BEGIN

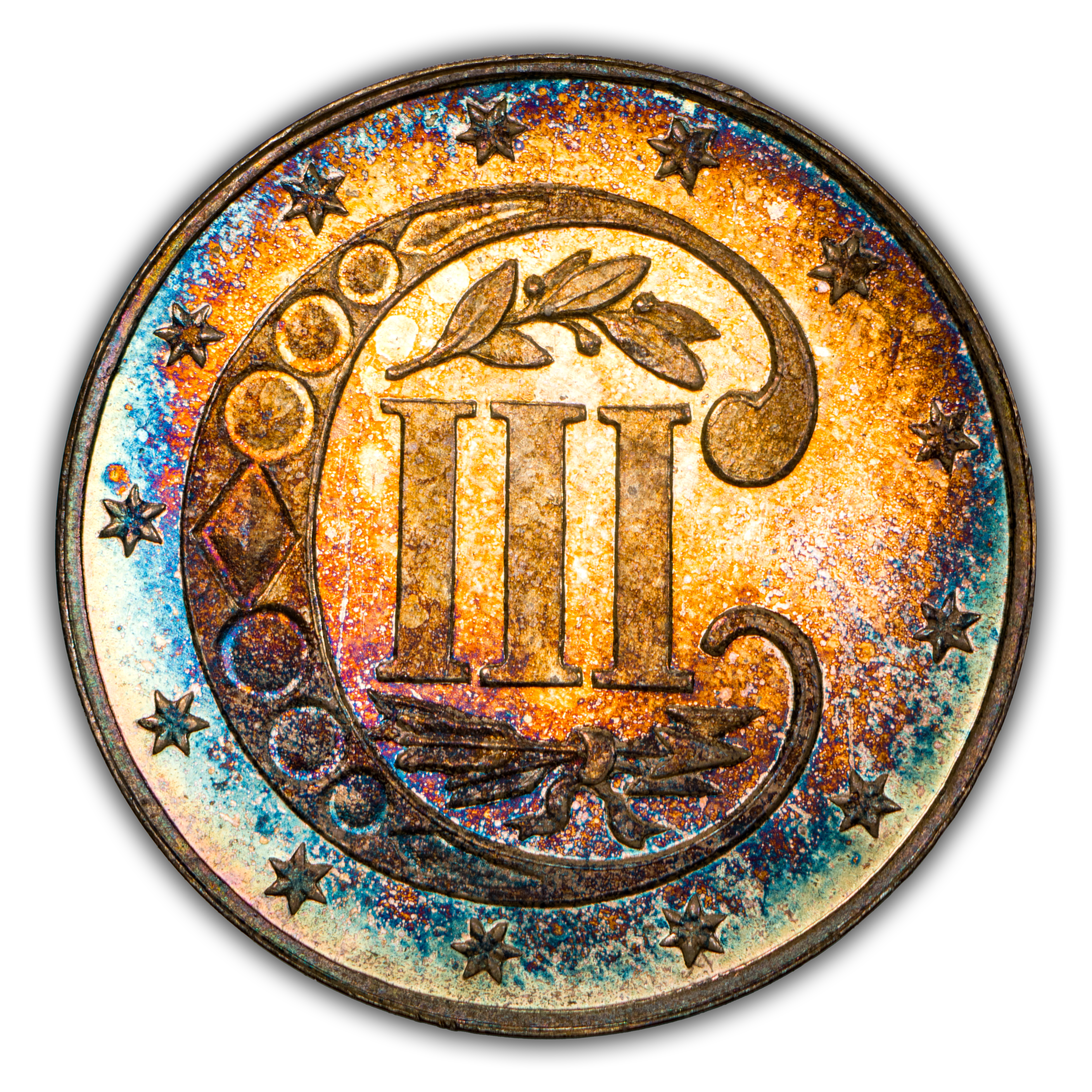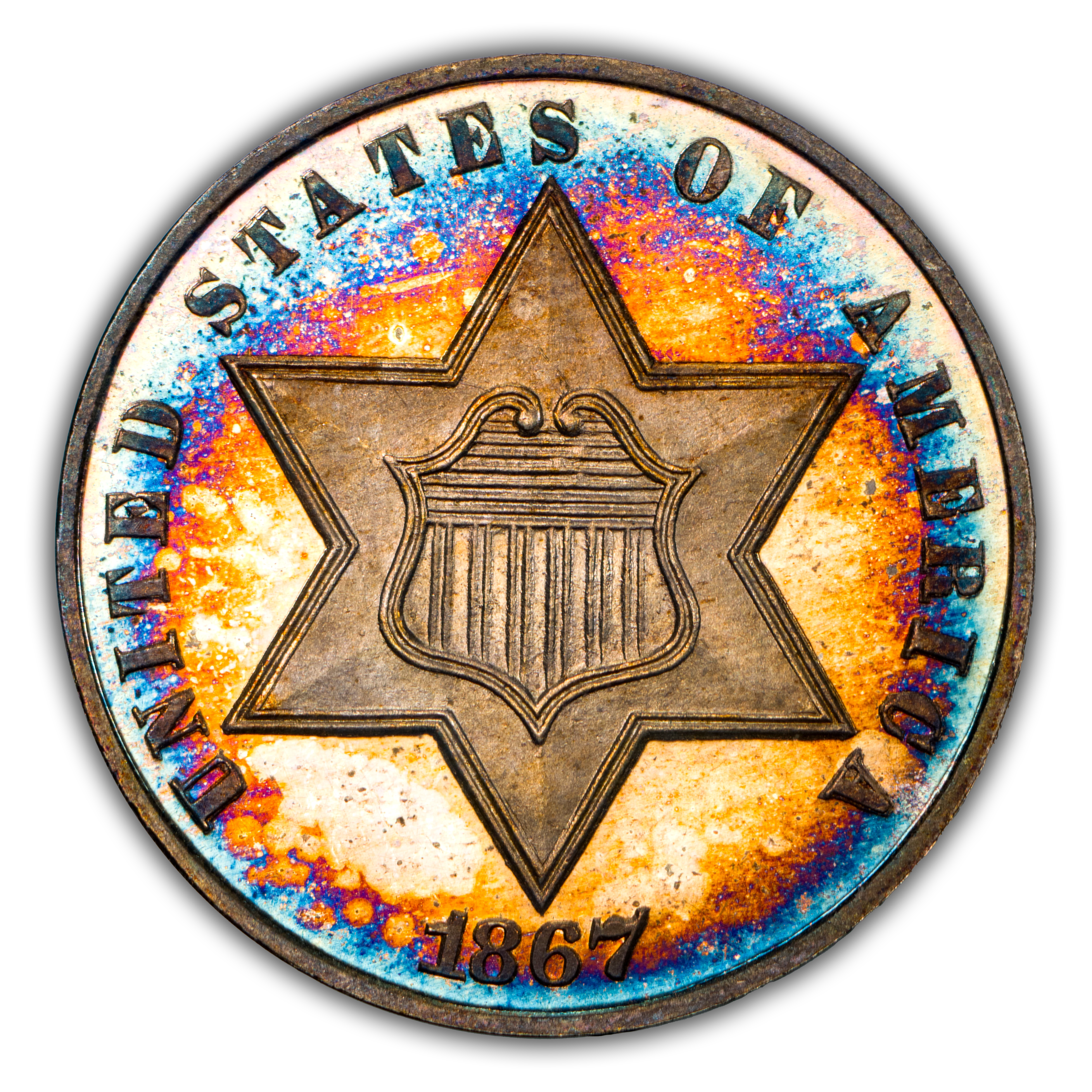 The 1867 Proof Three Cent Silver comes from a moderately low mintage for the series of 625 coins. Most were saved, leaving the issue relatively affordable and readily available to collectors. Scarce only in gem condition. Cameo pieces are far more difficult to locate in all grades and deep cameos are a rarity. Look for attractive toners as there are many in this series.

END
BEGIN

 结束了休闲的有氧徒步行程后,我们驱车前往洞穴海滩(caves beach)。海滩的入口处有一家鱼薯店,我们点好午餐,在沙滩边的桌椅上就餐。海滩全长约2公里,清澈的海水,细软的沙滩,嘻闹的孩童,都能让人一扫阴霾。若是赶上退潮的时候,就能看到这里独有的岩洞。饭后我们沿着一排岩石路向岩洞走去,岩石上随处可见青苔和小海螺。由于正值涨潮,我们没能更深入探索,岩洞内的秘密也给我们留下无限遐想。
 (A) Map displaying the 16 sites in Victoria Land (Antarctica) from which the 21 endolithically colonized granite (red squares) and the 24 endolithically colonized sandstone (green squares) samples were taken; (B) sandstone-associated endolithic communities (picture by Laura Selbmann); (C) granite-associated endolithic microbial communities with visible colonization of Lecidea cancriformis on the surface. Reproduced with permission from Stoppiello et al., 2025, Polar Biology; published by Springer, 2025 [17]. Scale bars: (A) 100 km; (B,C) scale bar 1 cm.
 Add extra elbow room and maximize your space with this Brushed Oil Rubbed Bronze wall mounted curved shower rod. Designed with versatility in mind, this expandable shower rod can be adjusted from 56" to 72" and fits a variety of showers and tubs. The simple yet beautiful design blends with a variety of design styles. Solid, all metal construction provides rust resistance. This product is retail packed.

END

• Problem requirements: All lines of the records above that contain the word "with" are to be copied out.

• Worked solution:
 (A) Map displaying the 16 sites in Victoria Land (Antarctica) from which the 21 endolithically colonized granite (red squares) and the 24 endolithically colonized sandstone (green squares) samples were taken; (B) sandstone-associated endolithic communities (picture by Laura Selbmann); (C) granite-associated endolithic microbial communities with visible colonization of Lecidea cancriformis on the surface. Reproduced with permission from Stoppiello et al., 2025, Polar Biology; published by Springer, 2025 [17]. Scale bars: (A) 100 km; (B,C) scale bar 1 cm.
 Add extra elbow room and maximize your space with this Brushed Oil Rubbed Bronze wall mounted curved shower rod. Designed with versatility in mind, this expandable shower rod can be adjusted from 56" to 72" and fits a variety of showers and tubs. The simple yet beautiful design blends with a variety of design styles. Solid, all metal construction provides rust resistance. This product is retail packed.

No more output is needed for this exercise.